▶ **Problem details**
Every line below from the one containing "One 2016-W $50" through the one containing "Alondra García Miró" must be transcribed exactly. Omit all lines outside that stretch.

▶ **Information shown**
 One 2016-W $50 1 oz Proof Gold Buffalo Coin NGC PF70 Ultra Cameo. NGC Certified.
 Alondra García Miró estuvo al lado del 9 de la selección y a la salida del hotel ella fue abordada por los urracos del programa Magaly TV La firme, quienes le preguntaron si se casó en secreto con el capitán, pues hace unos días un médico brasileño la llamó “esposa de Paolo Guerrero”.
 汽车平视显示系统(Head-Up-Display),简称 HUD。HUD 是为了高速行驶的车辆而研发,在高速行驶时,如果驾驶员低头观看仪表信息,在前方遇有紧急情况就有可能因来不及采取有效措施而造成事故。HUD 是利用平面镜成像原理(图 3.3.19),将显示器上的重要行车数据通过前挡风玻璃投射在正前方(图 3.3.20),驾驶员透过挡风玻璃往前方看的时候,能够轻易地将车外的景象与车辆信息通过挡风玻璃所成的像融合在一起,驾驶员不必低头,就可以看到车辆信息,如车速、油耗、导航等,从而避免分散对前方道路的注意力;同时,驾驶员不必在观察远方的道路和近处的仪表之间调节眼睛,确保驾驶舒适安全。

==

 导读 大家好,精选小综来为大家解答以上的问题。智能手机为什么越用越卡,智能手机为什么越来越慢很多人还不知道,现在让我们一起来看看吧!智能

--

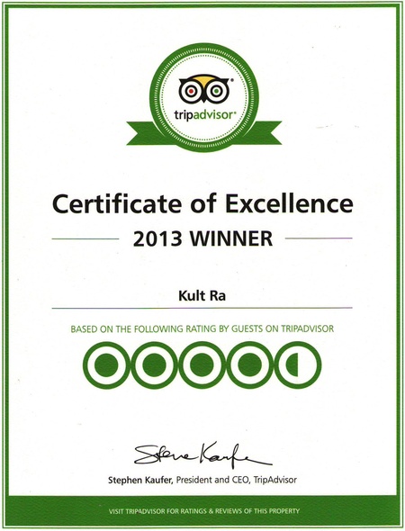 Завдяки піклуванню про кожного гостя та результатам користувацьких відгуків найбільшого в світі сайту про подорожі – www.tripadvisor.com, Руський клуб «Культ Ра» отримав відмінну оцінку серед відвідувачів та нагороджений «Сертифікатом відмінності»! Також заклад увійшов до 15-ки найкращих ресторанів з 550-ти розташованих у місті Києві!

▶ **Response for this exercise**
 One 2016-W $50 1 oz Proof Gold Buffalo Coin NGC PF70 Ultra Cameo. NGC Certified.
 Alondra García Miró estuvo al lado del 9 de la selección y a la salida del hotel ella fue abordada por los urracos del programa Magaly TV La firme, quienes le preguntaron si se casó en secreto con el capitán, pues hace unos días un médico brasileño la llamó “esposa de Paolo Guerrero”.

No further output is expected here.